For the appliance default networking to be configured successfully, the default external uplink must be in place before the initialization of the appliance begins. At the end of the initialization process, the administrator assigns three reserved IP addresses from the data center (public) network range to the management node cluster of the Oracle Private Cloud Appliance: one for each management node, and an additional Virtual IP shared by the clustered nodes. From this point forward, the Virtual IP is used to connect to the active management node's web server, which hosts both the Oracle Private Cloud Appliance Dashboard and the Oracle VM Manager web interface.

Caution

It is critical that both spine Cisco Nexus 9336C-FX2 Switches have two 10GbE connections each to a pair of next-level data center switches. For this purpose, a 4-way breakout cable must be attached to port 5 of each spine switch, and 10GbE breakout ports 5/1 and 5/2 must be used as uplinks. Note that ports 5/3 and 5/4 remain unused.

This outbound cabling between the spine switches and the data center network should be crossed or meshed, to ensure optimal continuity of service.

1.2.4.2 InfiniBand-Based Network Architecture

Oracle Private Cloud Appliance with InfiniBand-based network architecture relies on a physical InfiniBand network fabric, with additional Ethernet connectivity for internal management communication.

Ethernet

The Ethernet network relies on two interconnected Oracle Switch ES1-24 switches, to which all other rack components are connected with CAT6 Ethernet cables. This network serves as the appliance management network, in which every component has a predefined IP address in the 192.168.4.0/24 range. In addition, all management and compute nodes have a second IP address in this range, which is used for Oracle Integrated Lights Out Manager (ILOM) connectivity.

While the appliance is initializing, the InfiniBand fabric is not accessible, which means that the management network is the only way to connect to the system. Therefore, the administrator should connect a workstation to the available Ethernet port 19 in one of the Oracle Switch ES1-24 switches, and assign the fixed IP address 192.168.4.254 to the workstation. From this workstation, the administrator opens a browser connection to the web server on the active management node at http://192.168.4.216 , in order to monitor the initialization process and perform the initial configuration steps when the appliance is powered on for the first time.

InfiniBand

The Oracle Private Cloud Appliance rack contains two NM2-36P Sun Datacenter InfiniBand Expansion Switches. These redundant switches have redundant cable connections to both InfiniBand ports in each management node, compute node and storage head. Both InfiniBand switches, in turn, have redundant cable connections to both Fabric Interconnects in the rack. All these components combine to form a physical InfiniBand backplane with a 40Gbit (Quad Data Rate) bandwidth.
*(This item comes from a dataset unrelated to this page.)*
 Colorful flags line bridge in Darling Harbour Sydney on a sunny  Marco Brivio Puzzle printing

When the appliance initialization is complete, all necessary Oracle Private Cloud Appliance software packages, including host drivers and InfiniBand kernel modules, have been installed and configured on each component. At this point, the system is capable of using software defined networking (SDN) configured on top of the physical InfiniBand fabric. SDN is implemented through the Fabric Interconnects.

Fabric Interconnect

All Oracle Private Cloud Appliance network connectivity is managed through the Fabric Interconnects. Data is transferred across the physical InfiniBand fabric, but connectivity is implemented in the form of Software Defined Networks (SDN), which are sometimes referred to as 'clouds'. The physical InfiniBand backplane is capable of hosting thousands of virtual networks. These Private Virtual Interconnects (PVI) dynamically connect virtual machines and bare metal servers to networks, storage and other virtual machines, while maintaining the traffic separation of hard-wired connections and surpassing their performance.
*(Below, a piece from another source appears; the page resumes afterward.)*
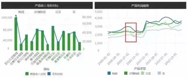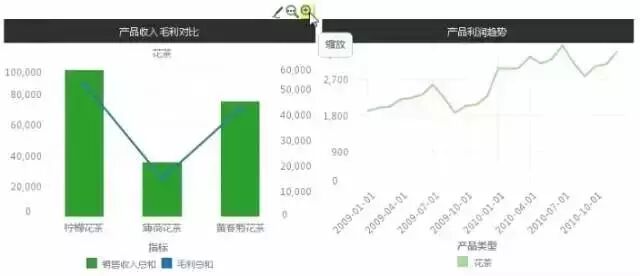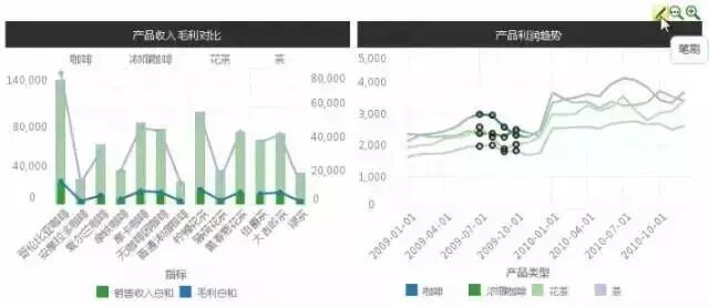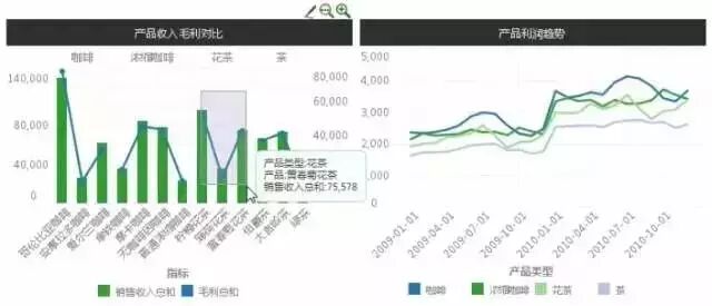 举一个例子,如下图,左图是各产品的收入毛利对比,右图是各品类利润趋势,现在用户想聚焦到“花茶”品类下的三种产品上,看看它们的利润如何。

During the initialization process of the Oracle Private Cloud Appliance, five essential networks, four of which are SDNs, are configured: a storage network, an Oracle VM management network, a management Ethernet network, and two virtual machine networks. Tagged and untagged virtual machine traffic is supported. VLANs can be constructed using virtual interfaces on top of the existing bond interfaces of the compute nodes.

  • The storage network, technically not software-defined, is a bonded IPoIB connection between the management nodes and the ZFS storage appliance, and uses the 192.168.40.0/24 subnet. This network also fulfills the heartbeat function for the clustered Oracle VM server pool. DHCP ensures that compute nodes are assigned an IP address in this subnet.

  • The Oracle VM management network is a PVI that connects the management nodes and compute nodes in the 192.168.140.0/24 subnet. It is used for all network traffic inherent to Oracle VM Manager, Oracle VM Server and the Oracle VM Agents.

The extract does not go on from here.